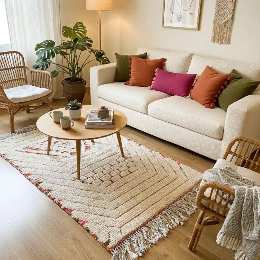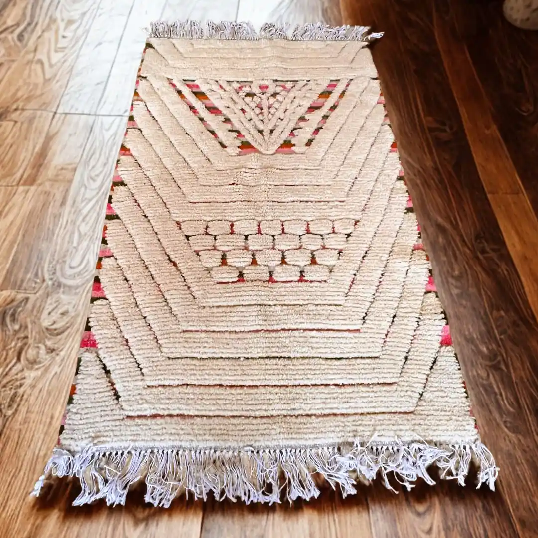 Marokietiškas vilnonis kilimas „Jaukumo oazė” – jaukumo ir autentiško dizaino lobis jūsų namams.
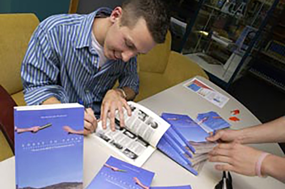 Ryan Pancoast, a 2005 RIT graduate (illustration), signs his new book Coast to Coast: The Story of the 2004 Transcontinental Relay Run. The RIT cross country team ran a 2,730-mile continuous relay from the Pacific Ocean to the coast of the Atlantic in less than two weeks in 2004. The book documents the run and is is available for $14.94 (soft cover) or $25.42 (hardcover) at lulu.com and RIT's Campus Connections bookstore. -
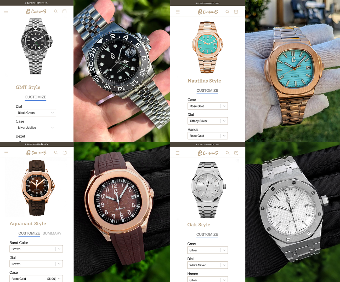 from 36 reviewsReceived my custom Aquanaut today. Very quality piece. Awesome to have a one of a kind statement watch that only I have! Great communication from Custom Seconds. I would highly recommend to anyone looking to have a custom watch made.
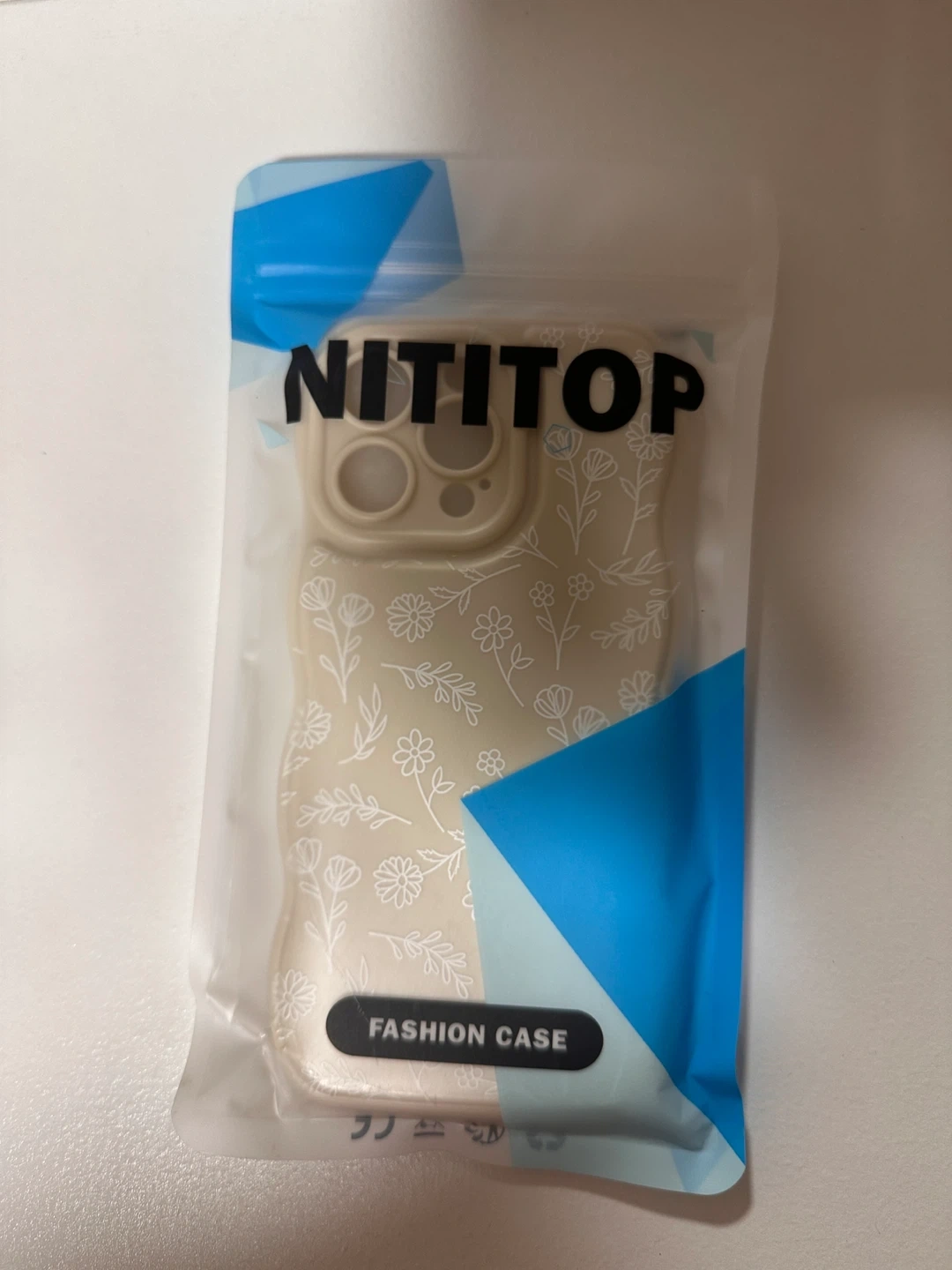 It's a white case with a delicate floral pattern.
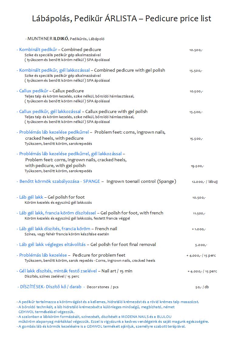 MUNTNER ILDIKÓ - Pedikűr, Lábápolás
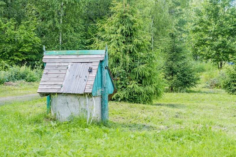 Закрытый деревенский деревянный колодец на фоне леса
■ ■ ■
Leave out all pictures and extract exactly the lines from the line with "from 36 reviewsReceived" through the end of the material.

 from 36 reviewsReceived my custom Aquanaut today. Very quality piece. Awesome to have a one of a kind statement watch that only I have! Great communication from Custom Seconds. I would highly recommend to anyone looking to have a custom watch made.
 It's a white case with a delicate floral pattern.
 MUNTNER ILDIKÓ - Pedikűr, Lábápolás
 Закрытый деревенский деревянный колодец на фоне леса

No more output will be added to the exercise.